The deal involves some 180 billion cu. ft. equivalent of proved reserves and approximately 80 million cu. ft. equivalent per day of current net production. Chesapeake has retained drilling rights on the properties below currently producing intervals and outside of existing producing wellbores and the production "tail" beyond 10 years.
The transaction will be Chesapeake's ninth VPP and is expected to close in second-quarter 2011. Inclusive of the pending VPP sale and the company's eight previously closed VPPs, the company will have sold 1.215 trillion cu. ft. equivalent of proved reserves for total proceeds of $5.619 billion, for an average sales price of $4.62 per thousand cu. ft. equivalent.
—Nancy Miller
Eagle Rock to buy Crow Creek Energy for $525MM
The MLP Eagle Rock Energy Partners LP, Houston, (Nasdaq: EROC) plans to acquire all of the equity interests in the Maurice Storm-led Tulsa, Okla.-based CC Energy II LLC (dba Crow Creek Energy), a portfolio company of Irving, Texas-based Natural Gas Partners VIII LP, for $525 million. The deal includes approximately $303 million of Eagle Rock equity, $15 million in cash and $207 million in assumed debt.
Crow Creek has assets in multiple basins in Oklahoma, Texas and Arkansas. Core operating areas include 327 operated wells and 1,040 nonoperated wells on 115,500 net acres across Golden Trend Field, Verden Field and the Cana shale play, all in the Anadarko Basin, Mansfield Field and other various fields in the Arkoma Basin and the Barnett shale in Texas. The assets are 75% operated, based on 2011 expected production.
Net production is approximately 47 million cu. ft. of gas equivalent per day. Proved reserves are 268 billion cu. ft. equivalent (80% gas, 66% proved developed) and proved, probable and possible reserves are 740.5 billion cu. ft. equivalent. Upside includes 182 proved drilling locations and more than 450 probable drilling locations.
Eagle Rock chairman and chief executive Joe Mills says, "Crow Creek brings an extensive inventory of low-risk development prospects in established plays such as the Golden Trend Field and developing plays such as the Cana shale.
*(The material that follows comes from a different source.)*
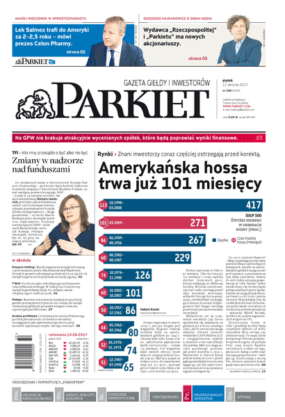 Największy w Polsce newsroom gospodarczy zbiera, analizuje i zgłębia dla Państwa najważniejsze informacje ze świata finansów. Codzienne wydanie „Parkietu”, sześć dni w tygodniu, to kilkadziesiąt artykułów o emitentach, instytucjach finansowych, gospodarce. To również opinie, felietony i wywiady z najważniejszymi ludźmi krajowej i globalnej finansjery.

This, combined with the organic growth projects we have identified in our midstream business, positions us for long-term distribution growth generated from internal opportunities."
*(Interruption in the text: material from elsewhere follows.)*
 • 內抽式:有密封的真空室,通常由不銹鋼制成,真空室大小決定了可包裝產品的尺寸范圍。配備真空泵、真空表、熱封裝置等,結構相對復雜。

He adds the acquired assets more than double Eagle Rock's current production and reserves.
Pro forma, Eagle Rock will have total proved reserves of 396 billion cu. ft. equivalent (73% proved developed, 64% gas) as of Dec. 31, an increase of more than 200% from the partnership's year-end 2010 proved reserves, and total probable reserves of more than 400 billion cu. ft. equivalent.
Production is expected to be approximately 80 million cu. ft. equivalent per day.
Eagle Rock lenders have pre-approved an increase of $245 million to Eagle Rock's current $160 million borrowing base related to Crow Creek Energy's reserves, resulting in a total borrowing base of $405 million effective upon closing.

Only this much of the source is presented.